→ RAW DATA
------------------------------

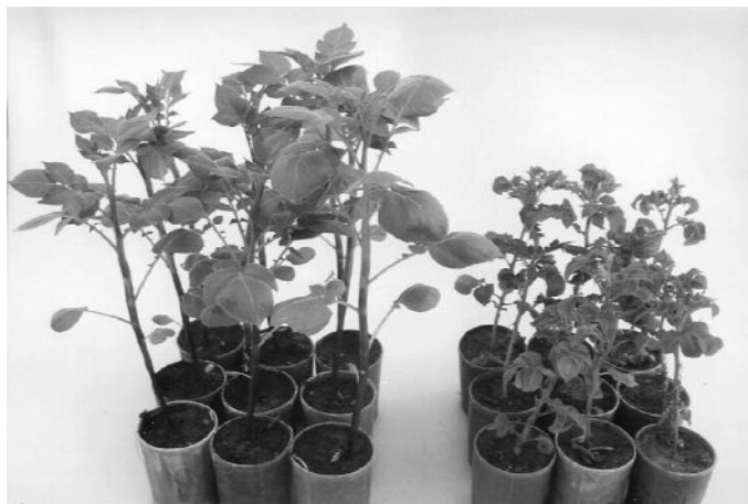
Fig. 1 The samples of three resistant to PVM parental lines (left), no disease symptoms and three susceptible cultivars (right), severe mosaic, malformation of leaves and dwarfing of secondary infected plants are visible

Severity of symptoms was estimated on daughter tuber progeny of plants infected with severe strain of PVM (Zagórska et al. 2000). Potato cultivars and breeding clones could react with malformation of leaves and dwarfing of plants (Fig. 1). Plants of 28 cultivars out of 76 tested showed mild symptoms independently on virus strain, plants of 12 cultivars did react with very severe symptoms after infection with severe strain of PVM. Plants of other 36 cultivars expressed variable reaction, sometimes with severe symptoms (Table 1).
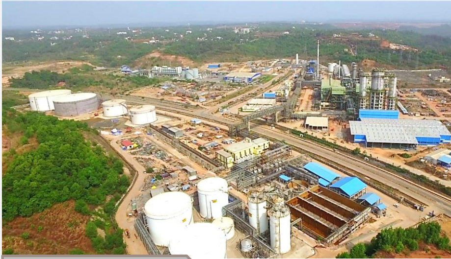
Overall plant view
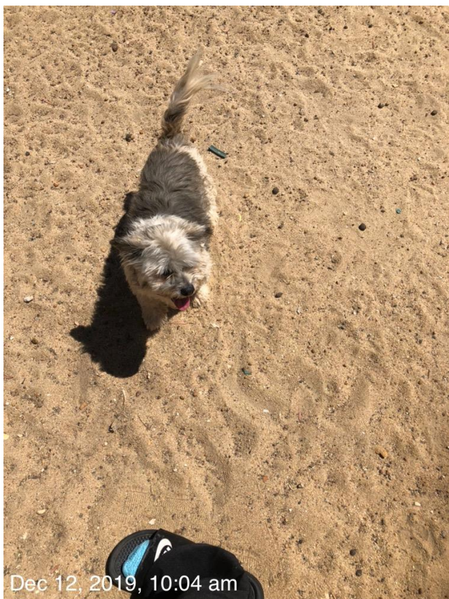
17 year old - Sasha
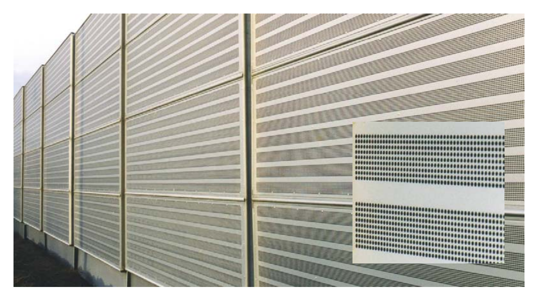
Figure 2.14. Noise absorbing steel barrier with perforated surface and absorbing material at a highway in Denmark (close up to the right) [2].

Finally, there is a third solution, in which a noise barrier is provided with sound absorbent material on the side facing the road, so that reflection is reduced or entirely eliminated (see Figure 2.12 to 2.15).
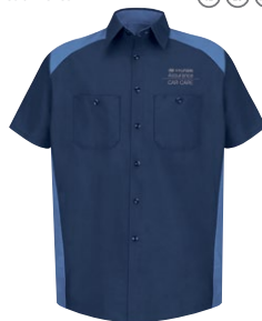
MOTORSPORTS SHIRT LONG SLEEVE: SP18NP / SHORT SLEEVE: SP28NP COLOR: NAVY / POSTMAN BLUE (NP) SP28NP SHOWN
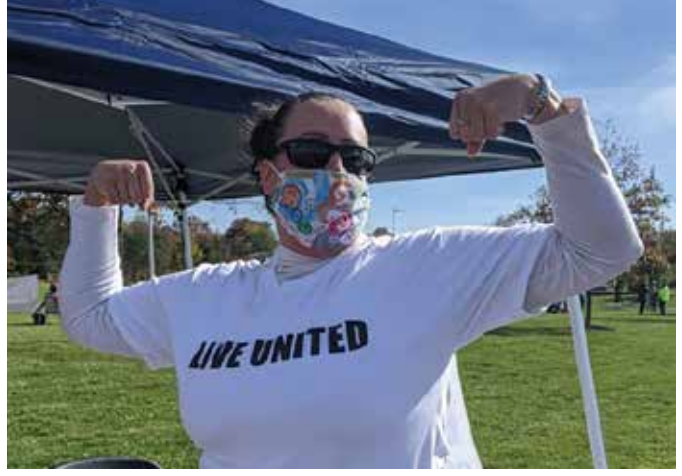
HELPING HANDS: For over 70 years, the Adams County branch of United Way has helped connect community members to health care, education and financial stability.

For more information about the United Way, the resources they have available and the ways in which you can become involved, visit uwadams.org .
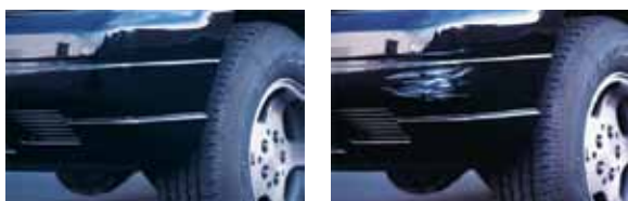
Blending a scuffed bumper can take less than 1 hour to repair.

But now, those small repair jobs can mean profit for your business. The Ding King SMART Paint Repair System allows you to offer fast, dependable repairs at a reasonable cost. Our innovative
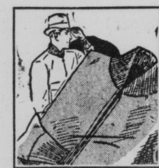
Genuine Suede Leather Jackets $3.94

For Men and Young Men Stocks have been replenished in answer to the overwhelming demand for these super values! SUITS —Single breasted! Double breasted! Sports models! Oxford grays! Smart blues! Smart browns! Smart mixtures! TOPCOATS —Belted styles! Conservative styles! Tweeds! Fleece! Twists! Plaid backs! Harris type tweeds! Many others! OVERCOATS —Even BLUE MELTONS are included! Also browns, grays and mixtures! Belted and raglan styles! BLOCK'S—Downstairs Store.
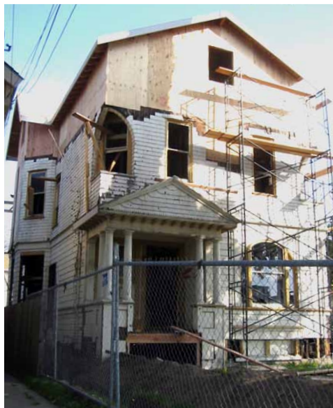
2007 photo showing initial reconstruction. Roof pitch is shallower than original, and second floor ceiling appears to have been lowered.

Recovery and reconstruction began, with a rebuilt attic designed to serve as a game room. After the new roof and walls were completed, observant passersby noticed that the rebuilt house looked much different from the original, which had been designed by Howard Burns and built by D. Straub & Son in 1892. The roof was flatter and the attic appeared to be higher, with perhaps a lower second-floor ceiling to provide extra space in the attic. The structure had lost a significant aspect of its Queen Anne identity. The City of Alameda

------------------------------

→ THE PROBLEM
Read through the data above. Report each line that has the word "than".

→ RESPONSE BELOW
Blending a scuffed bumper can take less than 1 hour to repair.
2007 photo showing initial reconstruction. Roof pitch is shallower than original, and second floor ceiling appears to have been lowered.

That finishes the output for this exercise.